Song.
O, the day is loud and busy!
Every blush the sun discovers.
Loud and busy, bright and bold,
Day was never loved of lovers.
Night for nightingales and moonlight!
Many a blush night's mantle covers.
Night for kissing, night for loving,
Night for us, for we are lovers!
Ivy. What singers be these?
Green. A shepherd and his lass.
Ivy. I know a better song than that. It goes this way:
[Sings.] Night and day let us be merry,
And set not by the world a cherry;
For dry bread chokes——
That's not right. I forget it. I could make a better song than either
myself; by my soul, I could! None of your sheepish love-songs, but a song
to make the stars dance quicker, and the moon multiply itself a score of
times. You have only made two moons.
Celio. We did not aim at putting the moon beside herself.
Ivy. I could make a song about the moon. Sir, I have read about the
moon. Her name—hic!—her name is—hic!——
Celio. Hecate.
Ivy. Give a man time to speak his mind. Her name is Hecate, although
you say it. I know about the moon: Hecate is the moon—Hecate.
Sylvia. O, come away!
Celio. Make your song, my friend, and show it to me to-morrow.
Ivy. I will, sir; I will.
Celio. Good-night.
[Celio and Sylvia go out.
Ivy. The song is coming, Green; it's coming. 'By the light of
Hecate's lamp'—lamp, lamp—what rhymes with lamp?—Come to some more
delusive, poetic spot.—'By the light of Hecate's
lamp'—lamp?—Come.—What the devil rhymes with lamp!—Come.
[Ivy and Green go out.
Enter hurriedly Cinthio, and Faustine dressed as a shepherd-boy.
Faustine. O Cinthio, hearken! We are lost. Alas!
Cinthio. Fear not, my love: all danger we shall pass.
[They go out..
SCENE IV.—A Room in Martha's House.
Enter Martha.
Martha. Gone with the Prince! I knew 'twould come at last.

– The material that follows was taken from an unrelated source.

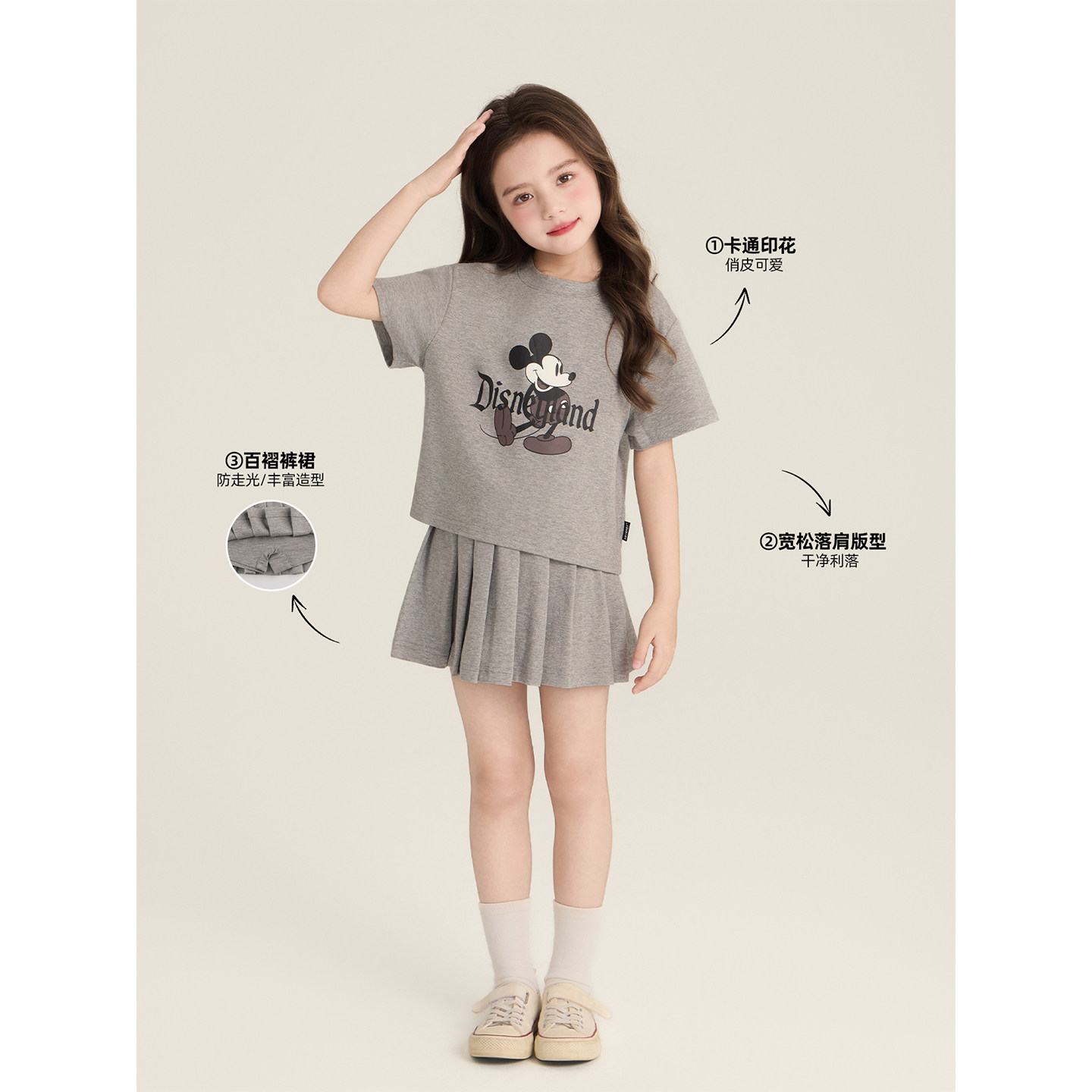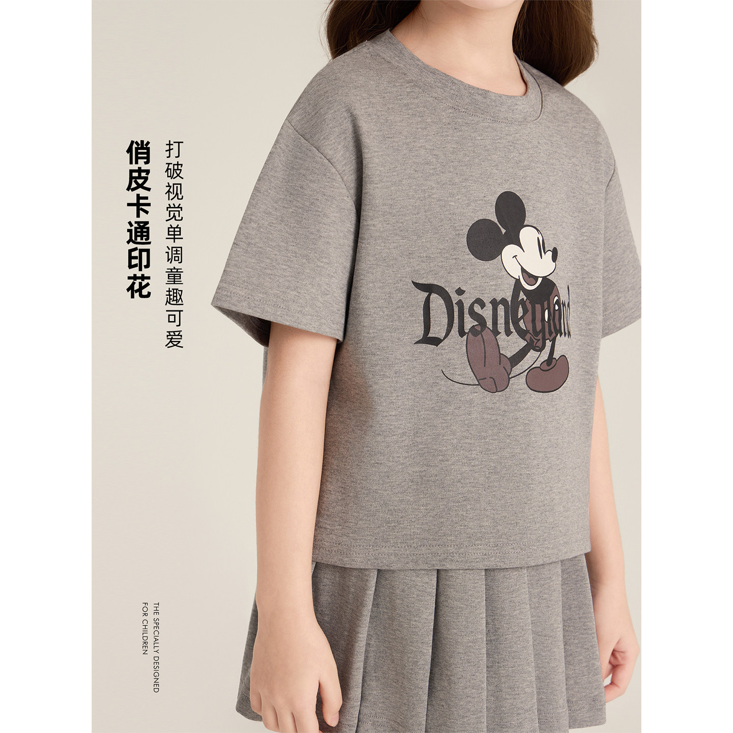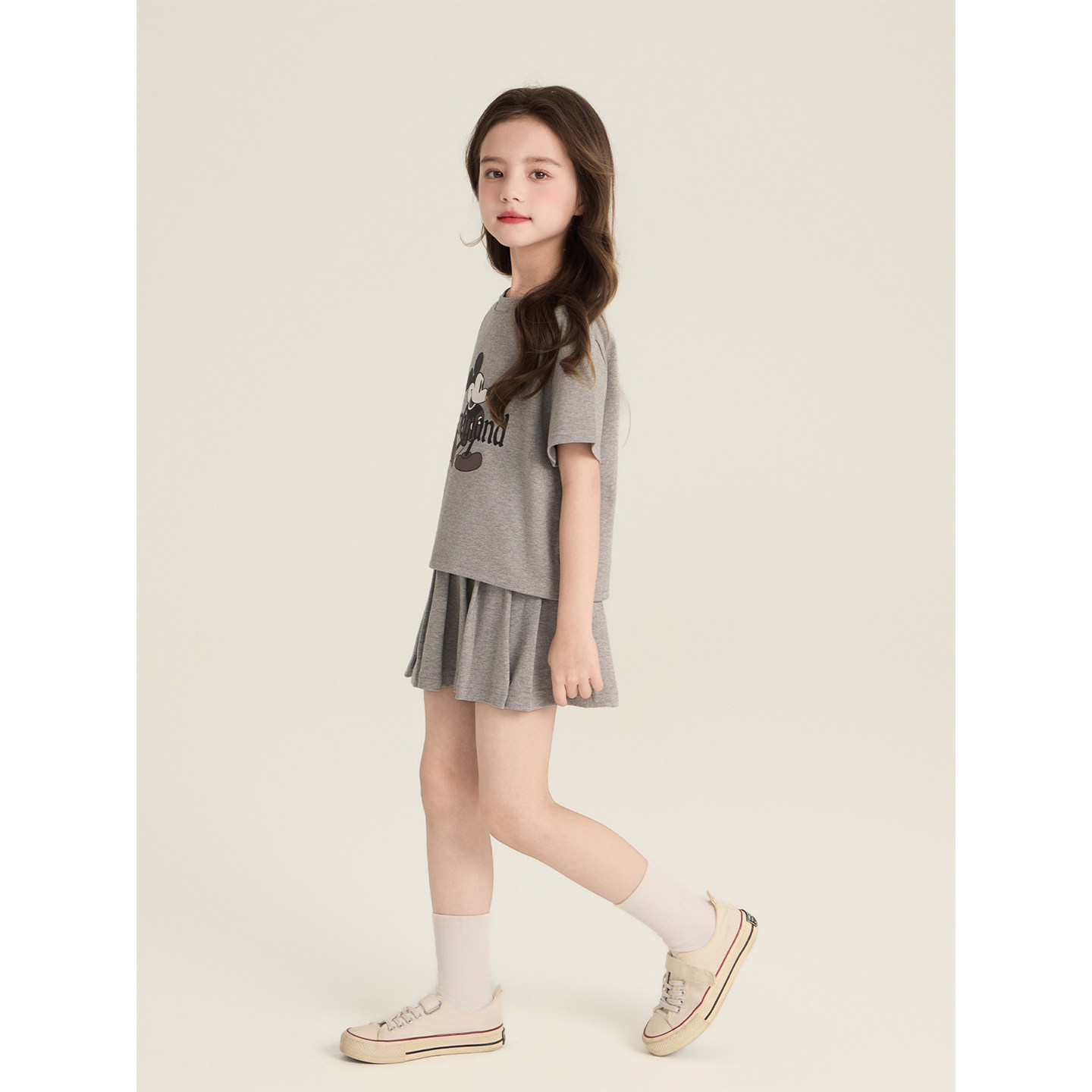 Amybaby女童套装夏季2026新款韩版洋气卡通印花T恤纯色半身裙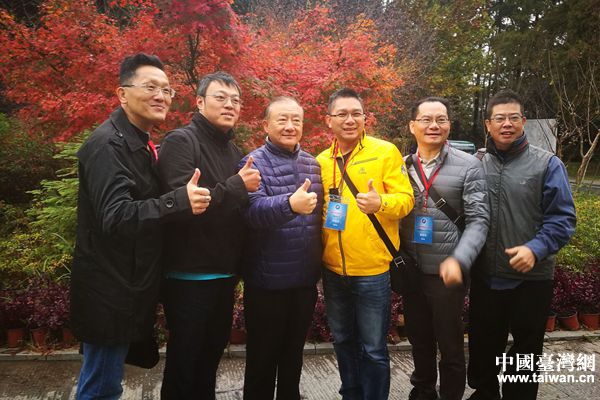 臺灣電電公會會策顧問尹啟銘與臺商合影留念。(中國臺灣網 王莉婷 攝)

Well, I shall be a lonely woman soon.
To think how many a mother envies me
My lovely daughter for her loveliness,
And that she has enchanted our good prince,
And all the happiness in store for me,
When I shall be a prince's mother-in-law.
[Knocking.
A visit at this time! Who's there?
Enter Onesta.
What now, my lady Faustine's maid? Onesta. The king has sent for you. Martha. The king! Onesta. King Alardo. By the deceit of providence he has come back; and Guido has found out Faustine's escape. He commanded me to go and bring you, because he has heard about Eulalie; for Guido threatened me with flaying and pickling, and buttering and roasting. You are to come at once and meet the king and Guido and another lord at the tree in the gushet where the three roads meet, to go with them to the wood, where Eulalie and the prince, and Faustine and Cinthio are. If I would not tell him all, he would have minced me into collops, else he might have pulled my tongue out before I would have told. The king is going to pack you and Eulalie off this very night. 'The mad, old heifer,' says he, 'to set her low-bred cow to my royal bull.' And Cinthio is to be made into a ram—no, it was a ewe, Guido said: I think it was a ewe, though it struck me he meant an ox; and Faustine is to mew in a nunnery all her life. Martha. The king come back, and Eulalie and I to be packed off to-night; Faustine, made a nun; you, to be roasted Onesta. Haste, haste. I'll tell you more as we go. Martha. More! Save us! You have said more than enough. [They go out.